■ **WORK TASK**: An exact copy of the data is needed, one that excludes all pictures.

[Opening STORED DATA section]

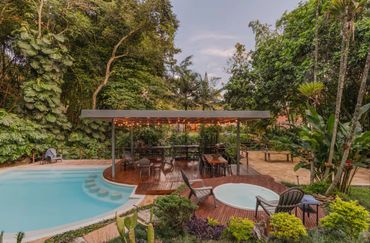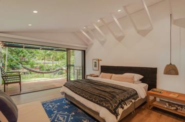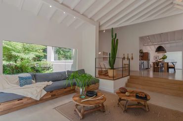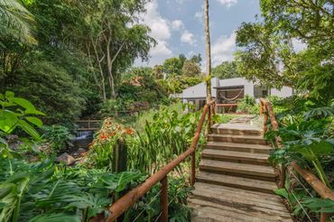 This serene Queen Room opens directly to the lush vegetation surrounding the property, offering a peaceful connection to Medellín’s vibrant nature. Wake to soft light filtering through the greenery and enjoy the calming sounds of the garden just steps from your door.
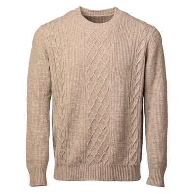 Men's Neutrals Unisex Taupe Mid-weight Cable Feature Cashmere Crew Neck Sweater
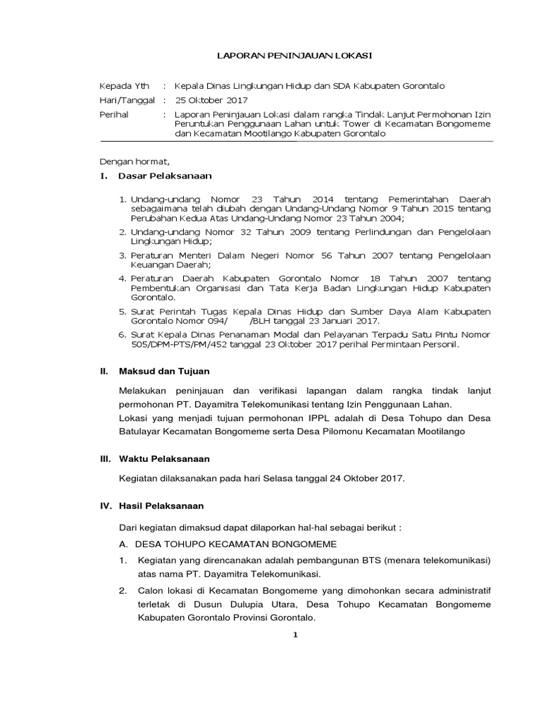 Laporan Peninjauan Lokasi Tower Bts Bongomeme Dan Pilomonu Mootilango Kadis Pdf

[Closing STORED DATA section]

■ **ANSWER FOR THE TASK**:
 This serene Queen Room opens directly to the lush vegetation surrounding the property, offering a peaceful connection to Medellín’s vibrant nature. Wake to soft light filtering through the greenery and enjoy the calming sounds of the garden just steps from your door.
 Men's Neutrals Unisex Taupe Mid-weight Cable Feature Cashmere Crew Neck Sweater
 Laporan Peninjauan Lokasi Tower Bts Bongomeme Dan Pilomonu Mootilango Kadis Pdf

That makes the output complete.